Current Architecture Analysis

GPU-Only Path vs Offload Path

Aspect GPU-Only Layerwise Offload
KV Storage GPU blocks (paged) CPU pinned + GPU ring buffer
Prefill All layers → then attention Per-layer: attention → offload
Decode FlashAttn with block table Ring buffer H2D → FlashAttn
Sparse Support MInference via attention.py Not integrated

MInference Flow (GPU-Only)

attention.py:101-105:
  if context.sparse_prefill_policy is not None:
      o = context.sparse_prefill_policy.sparse_prefill_attention(q, k, v, layer_id)

minference.py:sparse_prefill_attention():
  1. estimate_pattern(q, k, layer_id) -> vertical_indices, slash_indices
  2. _triton_mixed_sparse_attention(q, k, v, indices)
  3. return output

Quest Flow (GPU Block Mode)

hybrid_manager.py (if using CPU offload with Quest):
  select_blocks(available_blocks, ctx) -> selected block IDs
  -> load selected blocks to GPU
  -> standard FlashAttn with loaded blocks

Layerwise Offload Prefill Flow

model_runner.py:run_layerwise_offload_prefill():
  for layer_id in range(num_layers):
      # QKV projection
      q, k, v = qkv_proj(hidden_ln)

      # RoPE
      q, k = rotary_emb(positions, q, k)

      # FULL attention (no sparsity!)
      attn_output = flash_attn_varlen_func(q, k, v, ...)

      # MLP
      hidden_states = mlp(attn_out + residual)

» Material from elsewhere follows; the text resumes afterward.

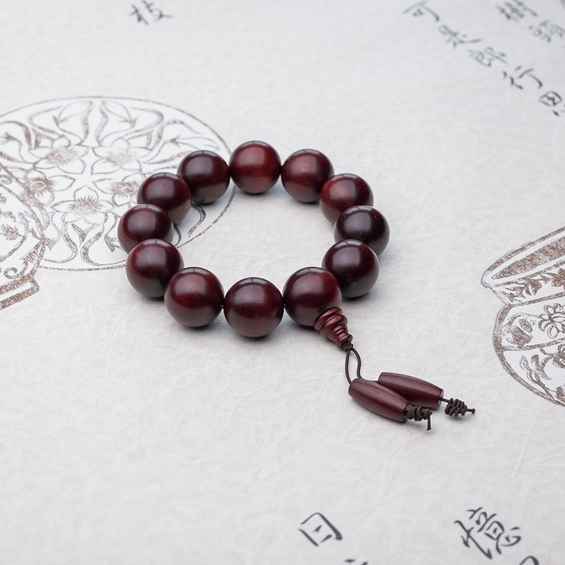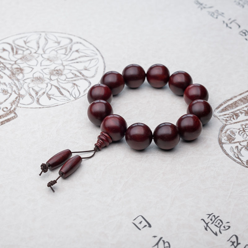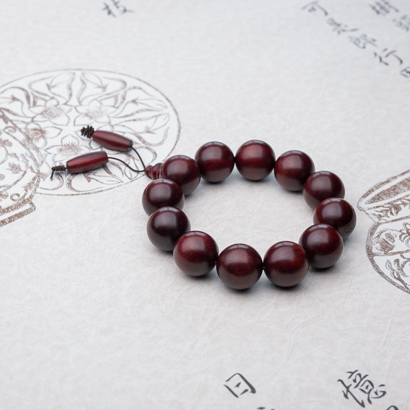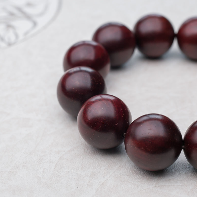 • 21mm半星小叶紫檀鸡血红单圈手串

      # Sync offload ALL k, v to CPU
      for block_id in cpu_block_ids:
          k_cache_cpu[layer_id, block_id].copy_(k[start:end])
          v_cache_cpu[layer_id, block_id].copy_(v[start:end])

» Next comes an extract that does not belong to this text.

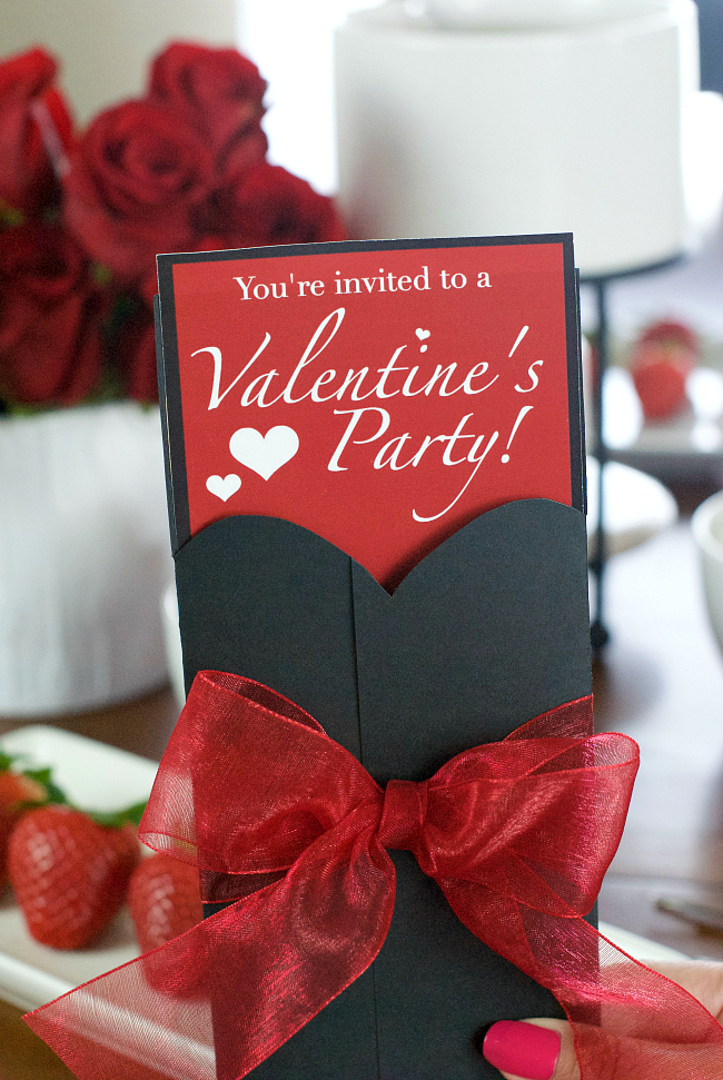 We wanted our invitations to be elegant to match the party. We printed out a red invitation and then wrapped it in black card stock (and cut a heart shape in the top) then tied it with red ribbon.

Layerwise Offload Decode Flow

model_runner.py:run_layerwise_offload_decode():
  # Preload first N layers to ring buffer
  for i in range(num_buffers):
      offload_engine.load_layer_kv_to_buffer(i, i, cpu_block_table, valid_tokens)

  for layer_id in range(num_layers):
      current_buffer = layer_id % num_buffers

      # Wait for buffer load
      offload_engine.wait_buffer_load(current_buffer)

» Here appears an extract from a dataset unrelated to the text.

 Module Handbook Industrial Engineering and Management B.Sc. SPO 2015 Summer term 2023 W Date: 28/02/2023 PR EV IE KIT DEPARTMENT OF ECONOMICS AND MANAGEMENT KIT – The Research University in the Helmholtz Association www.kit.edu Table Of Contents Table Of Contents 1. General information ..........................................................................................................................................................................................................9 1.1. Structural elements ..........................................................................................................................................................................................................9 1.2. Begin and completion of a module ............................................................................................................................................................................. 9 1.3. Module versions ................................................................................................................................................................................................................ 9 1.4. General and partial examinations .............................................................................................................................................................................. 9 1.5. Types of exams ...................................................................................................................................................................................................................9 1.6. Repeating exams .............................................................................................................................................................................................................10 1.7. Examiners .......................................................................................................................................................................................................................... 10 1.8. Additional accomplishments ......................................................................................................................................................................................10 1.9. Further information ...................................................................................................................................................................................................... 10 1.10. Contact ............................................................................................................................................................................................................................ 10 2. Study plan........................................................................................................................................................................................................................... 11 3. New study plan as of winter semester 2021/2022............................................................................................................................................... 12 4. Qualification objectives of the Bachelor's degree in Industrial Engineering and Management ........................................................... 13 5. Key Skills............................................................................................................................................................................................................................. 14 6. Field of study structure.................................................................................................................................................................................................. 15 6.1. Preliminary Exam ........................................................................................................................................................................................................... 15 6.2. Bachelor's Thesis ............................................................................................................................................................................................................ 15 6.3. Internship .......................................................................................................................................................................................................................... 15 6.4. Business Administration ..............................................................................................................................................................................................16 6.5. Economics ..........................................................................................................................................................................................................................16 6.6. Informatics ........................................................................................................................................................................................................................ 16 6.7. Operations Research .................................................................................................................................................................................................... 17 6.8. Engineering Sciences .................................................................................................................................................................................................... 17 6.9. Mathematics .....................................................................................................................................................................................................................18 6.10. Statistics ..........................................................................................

      # Get prefilled KV from ring buffer (ALL blocks loaded)
      k_prefill, v_prefill = offload_engine.get_buffer_kv(current_buffer, total_prefill_tokens)

      # QKV for new token
      q, k_new, v_new = qkv_proj(hidden_ln)

      # Concat and full attention
      k_full = torch.cat([k_prefill, k_decode_prev, k_new])
      attn_output = flash_attn_varlen_func(q, k_full, v_full, ...)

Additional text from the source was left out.